Article Preview
Top1. Introduction
The problem of underwater video object detection has received considerable attention during last decades and appreciable progress has been made in this direction (Emberton, Chittka, & Cavallaro, 2018; Hossain, Alam, Ali, & Amin, 2016; Mohapatra, Mahapatra, Mahapatra, & Swain, 2015; Walther, Edgington, & Koch, 2004).The underwater moving object suffers from limited range of visibility, low contrast, non-uniform lighting, blurring, bright artefacts, colour diminished and noise (Ancuti, Ancuti, Haber, & Bekaert, 2012; Emberton et al., 2018; Zhang et al., 2017). An automated system for detection and tracking of underwater moving objects has been developed, which of interest to the oceanographic researchers ((Mohapatra et al., 2015). Variable lighting condition and the presence of noise from high contrast debris pose challenge for object detection and tracking. Walther et al. (Walther et al., 2004) have proposed a novel method to overcome the above issues. Negrea et al. (Negrea, Thompson, Juhnke, Fryer, & Loge, 2014) have presented an adaptive background subtraction algorithm for detection and motion prediction which is used for tracking. Design of this fully automated system removes the frames without any activity and hence there is cost reduction for fish monitoring.

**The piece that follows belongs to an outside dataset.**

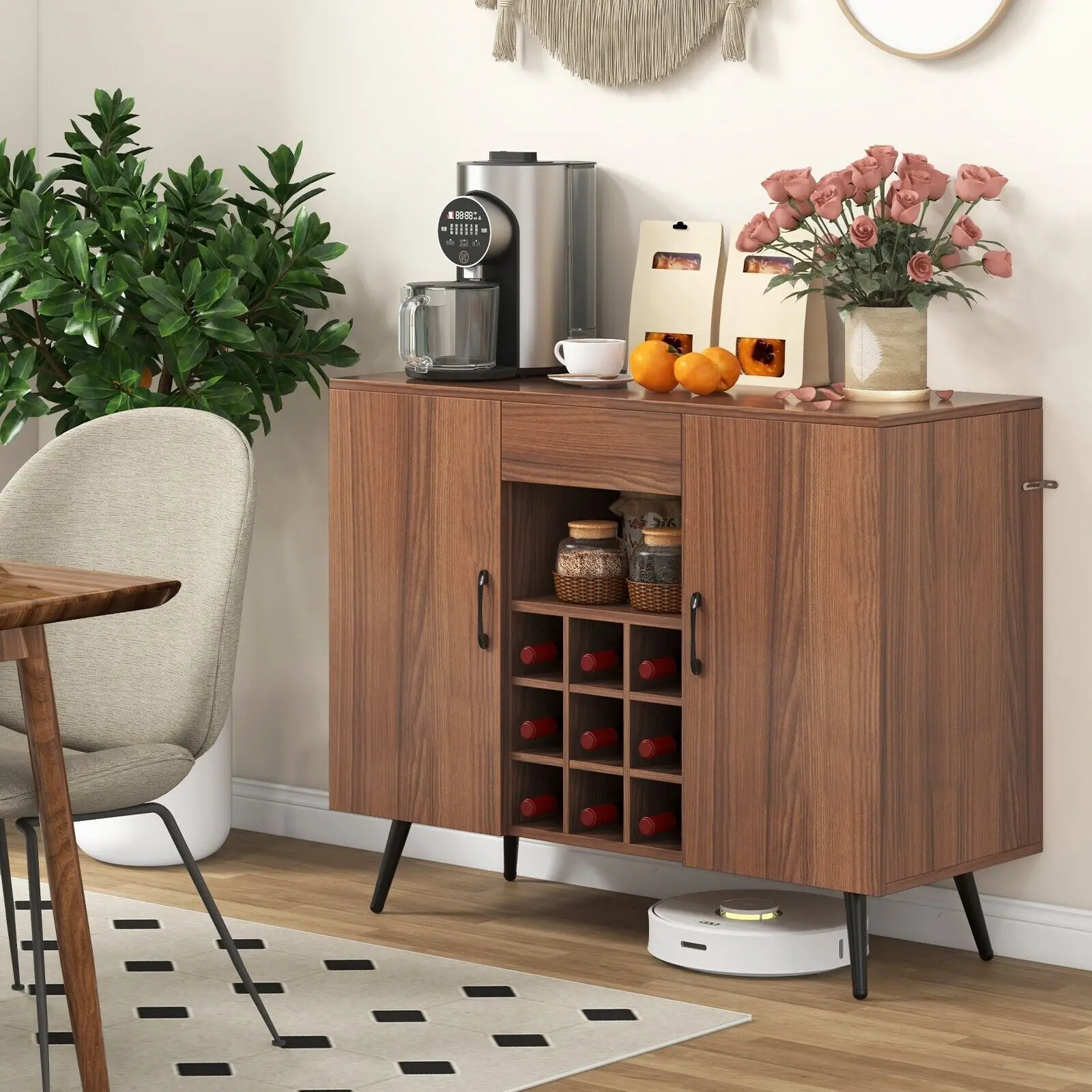 Introducing the ultimate wine lover’s dream: The versatile buffet cabinet! This stunning piece is not only a decorative centerpiece, but also a convenient storage solution for your prized wine collection. Boasting a removable 9-bottle wine rack, the liquor cabinet offers easy access to display your favorite vintages. Need more than just wine? No problem! This incredible sideboard also features a spacious tabletop, pull-out drawer, open compartment, and 2 single door cabinets, giving you plenty of options to keep your space organized. With adjustable shelves to accommodate items of all sizes, you’ll have endless versatility. It’s not just practical either, the sleek wood grain and metallic accents create a timeless mid-century modern elegance that will elevate any room.

This problem of underwater object detection can be of two types. In first case, the object moves while the camera is static, and in second case, both the object and camera are in motion. Often in real world scenario, the second case is more prevalent and challenging than the first one. This is valid in a real-world scenario, where neither the camera model parameters nor the object is known, this motivated us to address the issue in this research work.
In this paper, we have attempted to detect the underwater video objects under varying illumination condition. The problem is formulated as an incomplete data problem and the Expectation and Maximization (EM) approach has been adopted to solve the problem. Our main contributions are: (i) three new Spatio Temporal MRF models for classification of pixel labels in the E step, (ii) new features based model parameter estimation using pipelining approach in the M step, (iii) a continuous Underwater video object detection scheme using EM framework, and (iv) the EM algorithm in Multiresolution framework. In the proposed framework, no a priori knowledge of the camera model parameters is necessary. In E-step of the EM algorithm, the video object is segmented based on the video frame model. The problem of frame label estimation is formulated as a Maximum a posterior (MAP) estimation problem and these MAP estimates are obtained by an algorithm which is a combination of Simulated Annealing (SA) and the Iterated Conditional Model (ICM) algorithm. Subsequently, in M-step, the estimated frame labels are used to estimate the intrinsic and extrinsic parameters of the camera model. The proposed features are extracted from the labelled frames and weighted appropriately before being fed to the pipeline. These weighted corner features are used to estimate the camera intrinsic and extrinsic parameters using the 2D optimization method (Zhou, Cui, Peng, & Wang, 2012). E step and M step are repeated to continuously detect the video objects with the moving camera. The camera calibration errors have been computed and the estimated parameters are chosen based on the minimum calibration error. The segmentation accuracy has been validated by four quantitative measures. The advantage of the proposed multiresolution framework is that the execution time substantially reduced as compared to considering the fine scale images. The performance of the proposed algorithm has been compared with the Stolkin’s E-MRF algorithm (Liu, Dai, Wang, Zheng, & Zheng, 2016; Prabowo, Hudayani, Purwiyanti, Sulistiyanti, & Setyawan, 2017; Rustam Stolkin, Greig, Hodgetts, & Gilby, 2008) algorithm and found to be superior.